Du côté du Front national aussi, on a voulu surfer sur la popularité du logo. Il eut été malvenu de s'en priver : un logo parfaitement identifiable et renvoyant à une thématique lourde, celle des attentats, le FN ne pouvait pas ne pas se saisir de cette image. Il l'a donc fait à plusieurs reprises, et pas seulement après une attaque terroriste.
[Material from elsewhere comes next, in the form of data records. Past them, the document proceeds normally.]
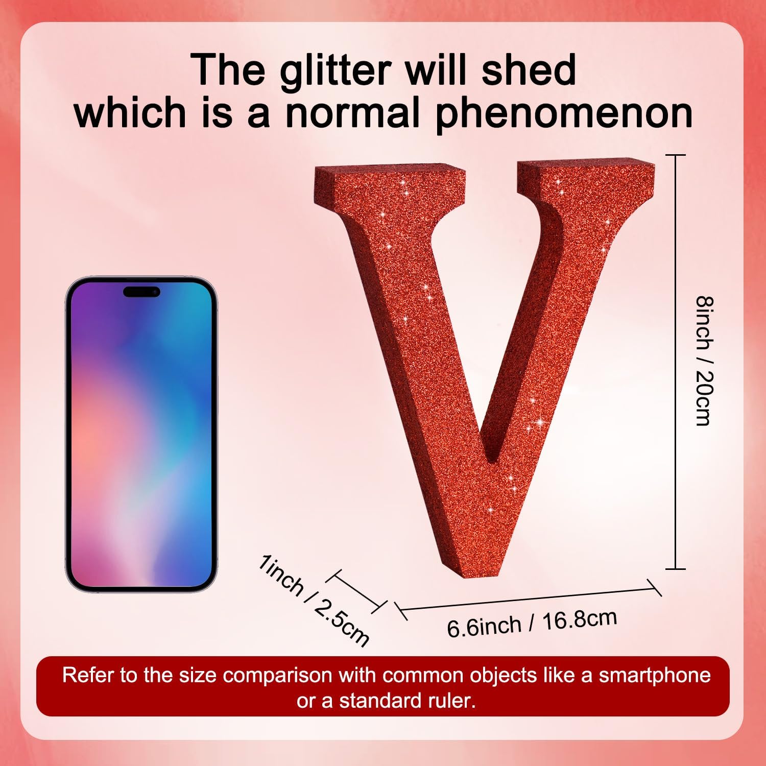 - ITEM INFORMATION AND SIZE: 1 Pcs * V Red Glitter Letter Ornament. Size: 8 * 5.8 * 1 Inches (20*15*2.5 CM). Before purchasing, Please check the size carefully to make sure it meets your needs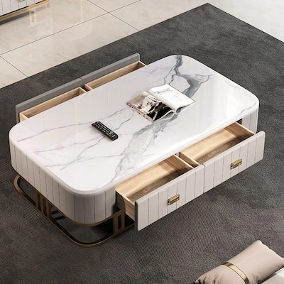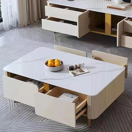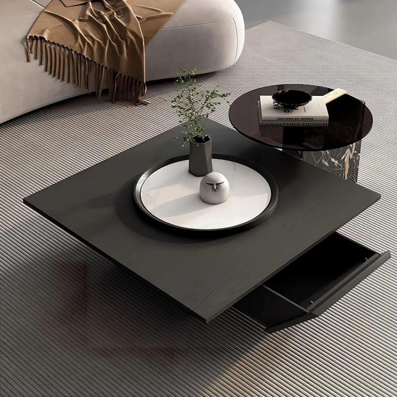 This one’s all about subtle drama. A tempered glass upper layer adds airiness, while the underlying sintered stone platform grounds the look. It’s modern, sculptural, and unexpectedly dynamic. The layered design also gives you two levels of surface space—perfect for hiding remotes, stacking books, or keeping your coffee clear of clutter.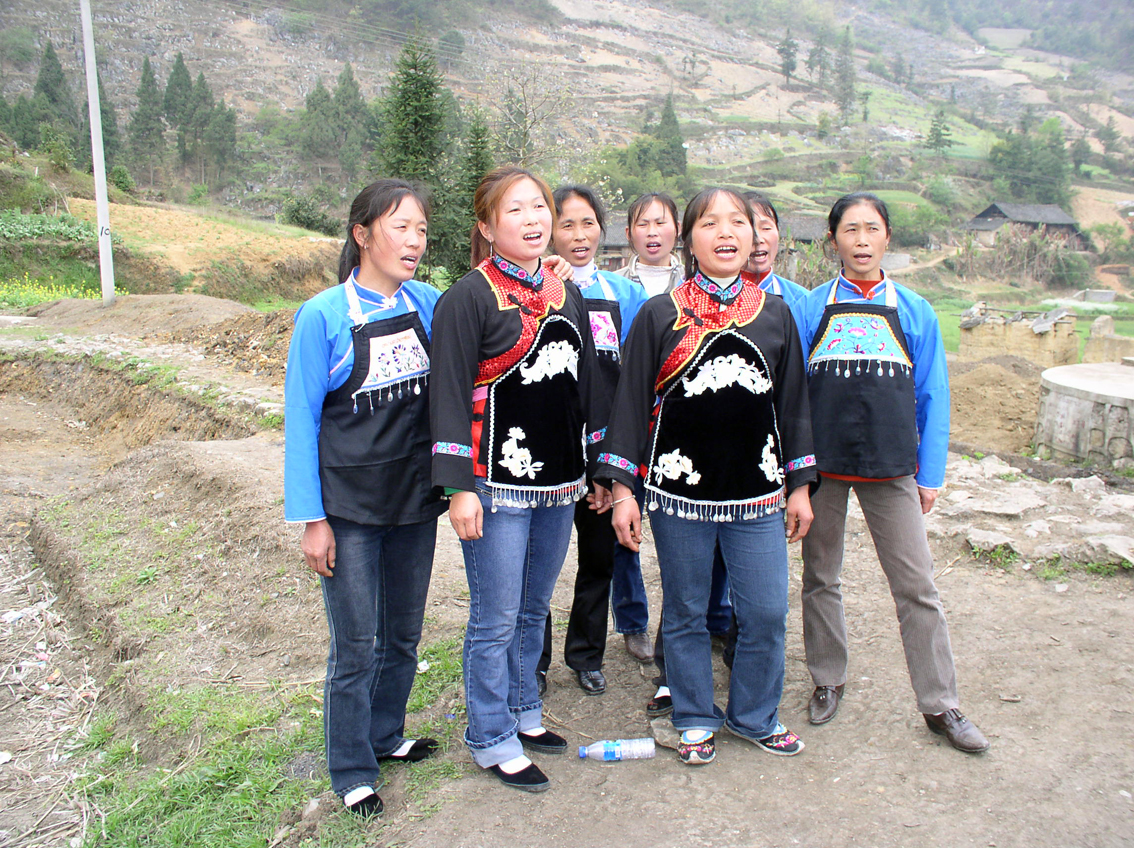 “比”和“歡”主要用來(lái)抒。按內(nèi)容來(lái)說(shuō),“比”多唱苦歌,“歡”多唱祝賀歌、儀式歌?!氨取焙汀皻g”均為同聲二重唱的二聲部山歌,且多為短歌。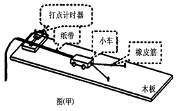 1、实验题 “探究功与速度变化的关系”的实验装置如图(甲)所示.当小车在一条橡皮筋作用下弹出时,橡皮筋对小车做的功记为.当用2条、3条完全相同的橡皮筋并在一起进行第2次、第3次实验时,橡皮筋对小车做的功记为2W,3W。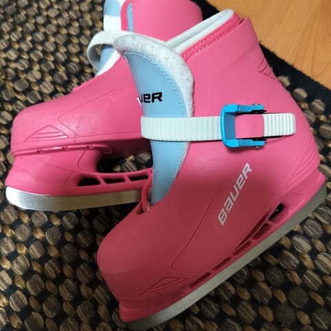 Bauer lasten luistimet, koko 28-29. Väri pinkki. Ollut käytössä yhdellä lapsella.

En juillet 2015, plusieurs ténors du FN avaient diffusé sur leur compte Twitter un logo "Je suis FdeSouche" . Une manière pour eux d'afficher leur soutien à Pierre Sautarel après qu'une perquisition a été menée chez le principal contributeur du blog d'extrême droite FdeSouche. À l'époque, Pierre Sautarel était soupçonné d'avoir commis l'infraction de diffamation publique envers un particulier.
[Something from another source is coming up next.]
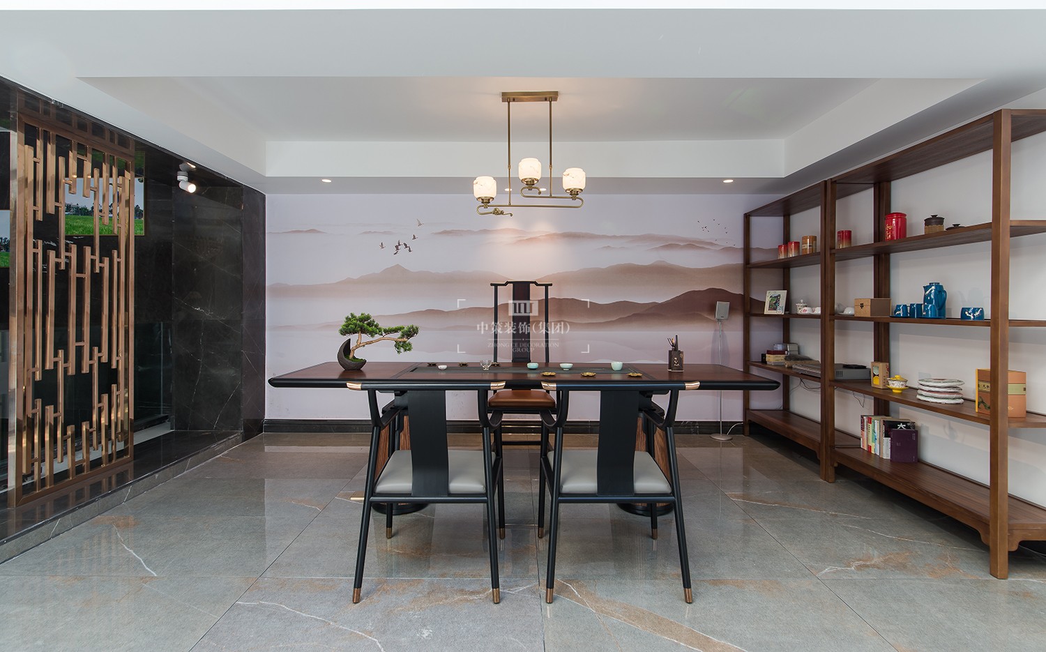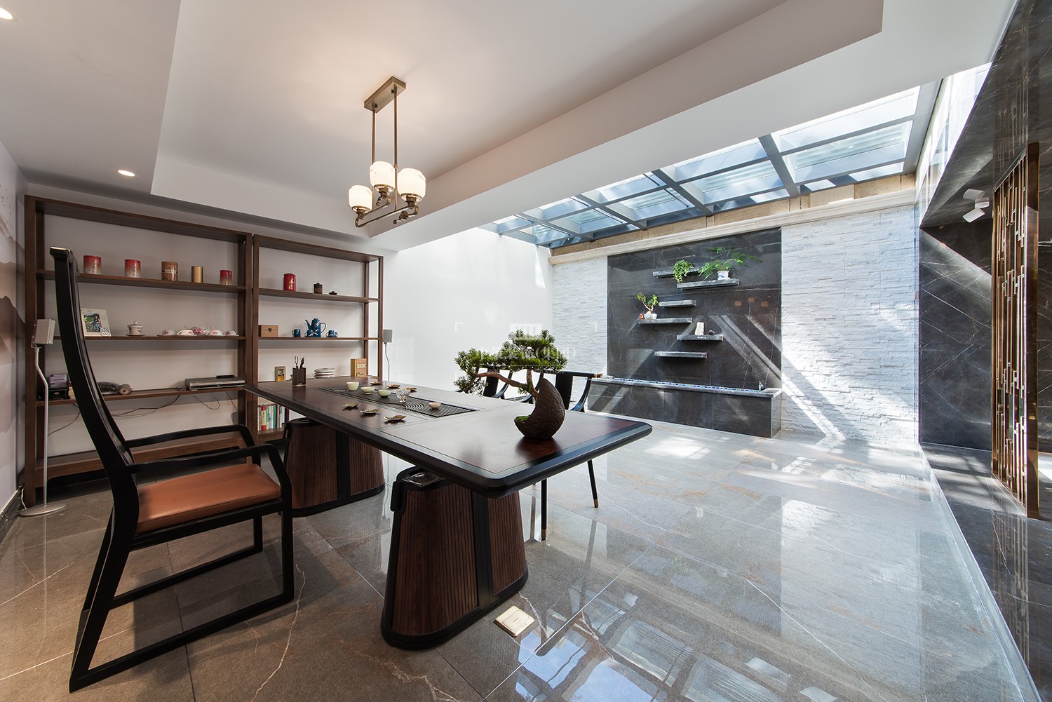 餐厅、庭院、书房、茶室,四者之间利用隔断模糊界限,配上绿植与饰品,空间相互借景;室内室外水乳交融,让用餐、品茶、读书仿佛置身于大自然,给高压快节奏的城市生活增添了一抹绿意。

En octobre 2015, de nombreux élus frontistes avaient également repris le hashtag #JeSuisMarine , diffusé sur Twitter dès le 7 janvier 2015 et repris dans un dessin de Riss sur "les simples d'esprits du 22 mars". Les membres du FN entendaient ainsi apporter leur soutien à Marine Le Pen, renvoyée en correctionnelle pour ses propos de 2010 sur les "prières de rue", comparées à l'Occupation nazie.
Le FN avait été jusqu'à imprimer le logo sur des Tshirts vendus 10€ pièce sur le site internet du parti.
En février 2015, François Kalfon, secrétaire national du PS, avait déjà utilisé le #JeSuisMarine pour troller l'UMP pratiquant le "ni-ni", à l'occasion du second tour PS-FN lors de la législative partielle du Doubs. Preuve que le détournement n'est pas réservé au camp frontiste.
Peu après l'attentat de Nice, le 14 juillet dernier, l'eurodéputée frontiste Sophie Montel avait diffusé de nombreux détournements de "Je suis Charlie". Ceux-ci étaient destinés à promouvoir, notamment, le retour des frontières nationales tel que prôné par le FN.
— Sophie Montel (@Sophie_Montel) 15 juillet 2016
— Sophie Montel (@Sophie_Montel) 15 juillet 2016
— Sophie Montel (@Sophie_Montel) 15 juillet 2016
Dernièrement, c'est le sénateur-maire de Marseille Stéphane Ravier qui a tweeté un "#JeSuisSandraBertin en guise de soutien à la policière municipale de Nice qui affirme avoir reçu des pressions de la part du ministère de l'Intérieur pour modifier son rapport sur le dispositif policier le 14 juillet.
Bravo à cette policière municipale de #Nice06, qui a le courage de parler face à la mafia socialiste ! #SandraBertinpic.twitter.com/8PsHXTzOqj
— Stéphane Ravier (@Stephane_Ravier) 24 juillet 2016
À chaque fois, le slogan était détourné mais conservait une certaine bien que relative neutralité politique. Le "Je suis un bulletin de vote" rompt avec cette discipline : de mémoire, c'est la première fois que le logo du Front national vient s'insérer dans un tel détournement.